For usage examples, see [test.py](https://github.com/VeritasYin/subg_acc/blob/master/test/test.py).



#### Parameters



* **indptr** *(np.array)* - Index pointer array of the adjacency matrix in CSR format.

* **indices** *(np.array)* - Index array of the adjacency matrix in CSR format.

* **query** *(np.array / list)* - Nodes are queried to be sampled.

* **num_walks** *(int)* - The number of random walks.

* **num_steps** *(int)* - The number of steps in a walk.

* **nthread** *(int, optional)* - The number of threads.

* **seed** *(int, optional)* - Random seed.



#### Returns



* **walks** *(np.array)* - Sampled walks $W_q$ for each node in `query`.

* **rpes** *(np.array, np.array)* - Unique node set of sampled walks for each node in `query` and their corresponding structural encodings.



### gset_sampler



```

subg.gset_sampler(indptr, indices, query, num_walks, num_steps) 

-> (numpy.array [n], numpy.array [2,?], numpy.array [?,num_steps+1])

```



Sample a node set for each node in `query` (size of `n`) through `num_walks`-many `num_steps`-step random walks on the input graph in CSR format (`indptr`, `indices`), and encodes landing probability at each step of all nodes in the sampled set as structural features of the seed node. 



For usage examples, see [test.py](https://github.com/VeritasYin/subg_acc/blob/master/test/test.py).



#### Parameters



* **indptr** *(np.array)* - Index pointer array of the adjacency matrix in CSR format.

* **indices** *(np.array)* - Index array of the adjacency matrix in CSR format.

* **query** *(np.array / list)* - Nodes are queried to be sampled.

* **num_walks** *(int)* - The number of random walks.

* **num_steps** *(int)* - The number of steps in a walk.

* **bucket** *(int, optional)* - The buffer size for sampled neighbors per node.

* **nthread** *(int, optional)* - The number of threads.

* **seed** *(int, optional)* - Random seed.



#### Returns



* **nsize** *(np.array)* - The size of sampled set for each node in `query`.

* **remap** *(np.array)* - Pairwised node id and the index of its associated structural encoding in `enc` array.

* **enc** *(np.array)* - The compressed (unique) encoding of structural features.



### walk_join



```

subg.walk_join(walks, indices, query) 

-> (numpy.array [2,n*num_walks*(num_steps+1)*2])

```

Join the sampled walks for nodes in each `query` (size of `n`).
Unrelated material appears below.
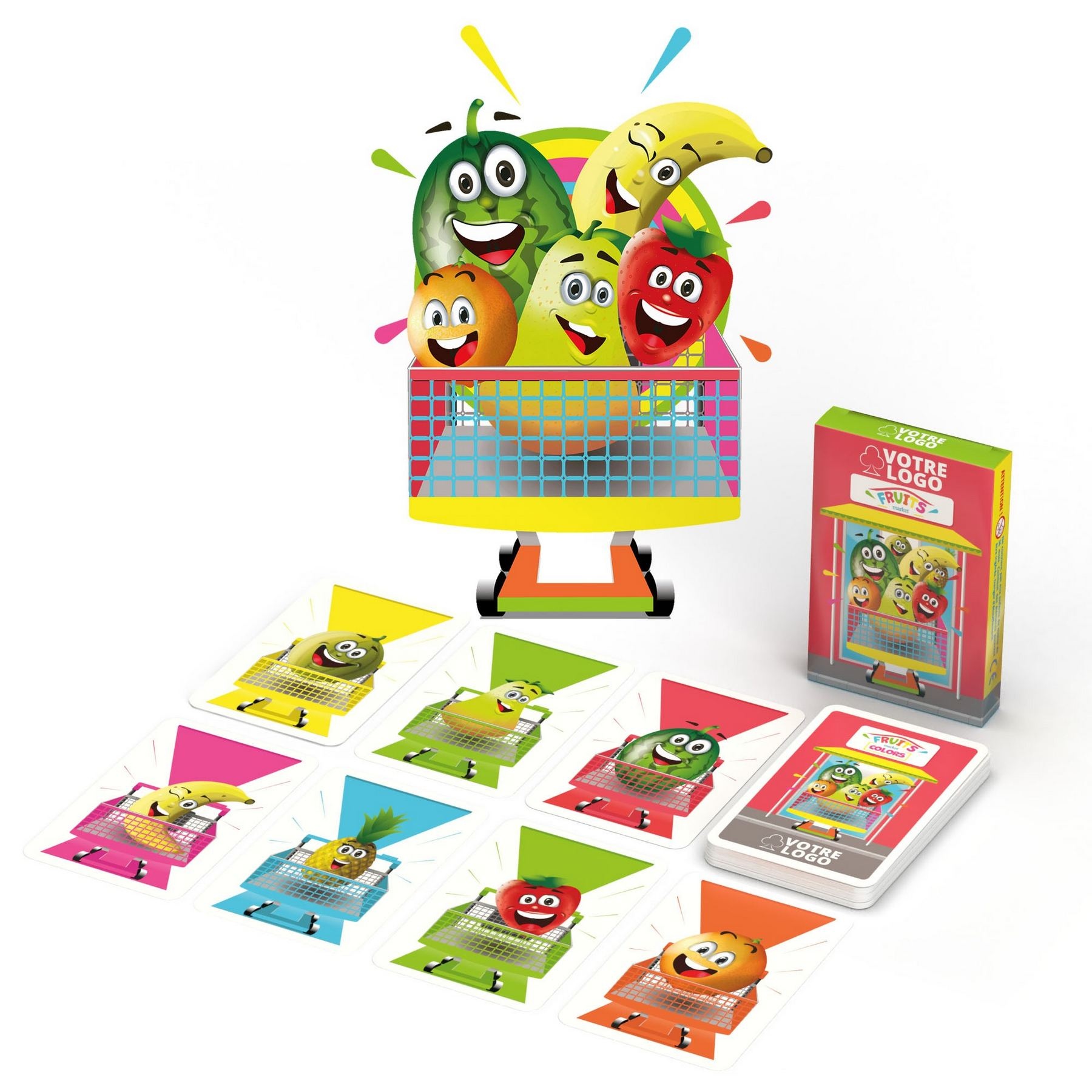 Jeu du type 8 américain sur le thème des fruits au marché, 44 cartes (42 cartes + 1 joker + 1 carte règle), format 58x88mm, personnalisable, coins ronds. Tolérance de fabrication + ou – 5 % appliquée pour la quantité livrable et facturable.

For a link query $Q= \lbrace u,v \rbrace$, `walk_join` returns the indices of structural features for $u$ as $W_{u|u} \bigoplus W_{u|v}$ and for $v$ as $W_{v|u} \bigoplus W_{v|v}$. 



For usage examples, see [test.py](https://github.com/VeritasYin/subg_acc/blob/master/test/test.py).



#### Parameters



* **indptr** *(np.array)* - Index pointer array of the adjacency matrix in CSR format.

* **indices** *(np.array)* - Index array of the adjacency matrix in CSR format.

* **query** *(np.array / list)* - Nodes are queried to be sampled.

* **nthread** *(int, optional)* - The number of threads.



#### Returns



* **join_walk** *(np.array)* - The indices of structural features attached to the joint walks of given queries.